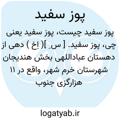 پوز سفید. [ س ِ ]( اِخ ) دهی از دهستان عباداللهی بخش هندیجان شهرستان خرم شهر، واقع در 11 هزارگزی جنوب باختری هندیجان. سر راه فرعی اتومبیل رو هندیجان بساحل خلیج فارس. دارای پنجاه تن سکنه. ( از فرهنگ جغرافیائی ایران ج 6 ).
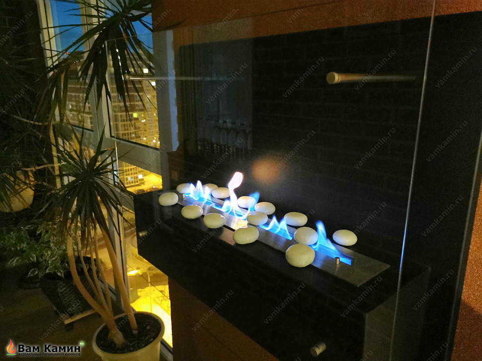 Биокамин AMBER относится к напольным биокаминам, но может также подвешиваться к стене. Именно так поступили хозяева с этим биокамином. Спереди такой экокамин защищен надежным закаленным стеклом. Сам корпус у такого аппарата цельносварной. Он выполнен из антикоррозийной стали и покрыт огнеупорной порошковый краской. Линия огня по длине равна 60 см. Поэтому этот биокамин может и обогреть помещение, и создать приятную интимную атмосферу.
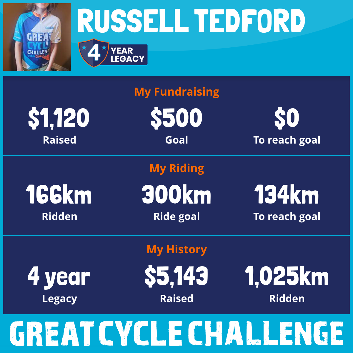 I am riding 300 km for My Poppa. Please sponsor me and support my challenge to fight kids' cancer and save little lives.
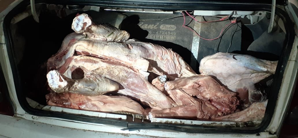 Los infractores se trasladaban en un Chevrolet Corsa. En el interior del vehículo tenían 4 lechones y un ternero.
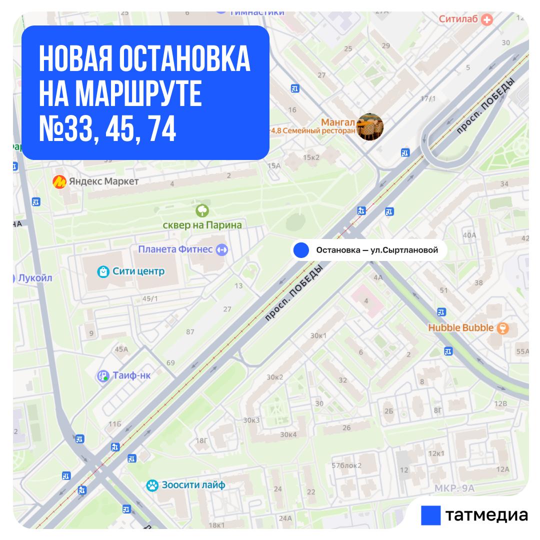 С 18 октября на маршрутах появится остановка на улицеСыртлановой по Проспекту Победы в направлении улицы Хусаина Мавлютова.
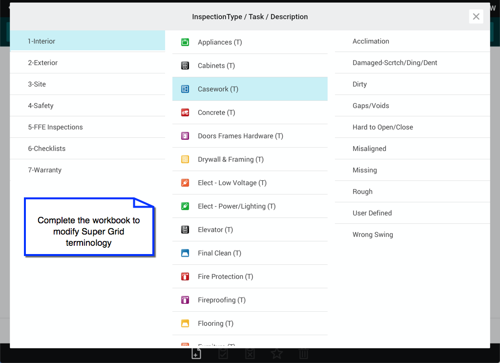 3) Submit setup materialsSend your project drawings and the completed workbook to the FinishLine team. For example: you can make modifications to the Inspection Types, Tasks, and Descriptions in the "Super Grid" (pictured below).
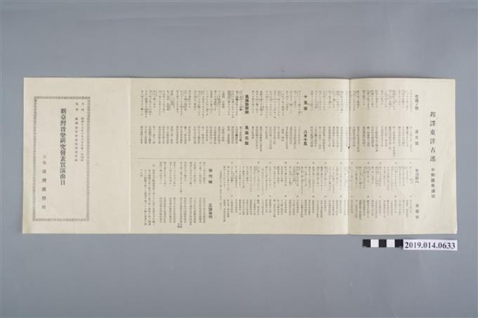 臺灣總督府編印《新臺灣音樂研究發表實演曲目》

• • • • •

Requirement:
Give back exactly the lines from the line with "3) Submit setup" through the end of the records, both included; keep all pictures out.

Task output:
 3) Submit setup materialsSend your project drawings and the completed workbook to the FinishLine team. For example: you can make modifications to the Inspection Types, Tasks, and Descriptions in the "Super Grid" (pictured below).
 臺灣總督府編印《新臺灣音樂研究發表實演曲目》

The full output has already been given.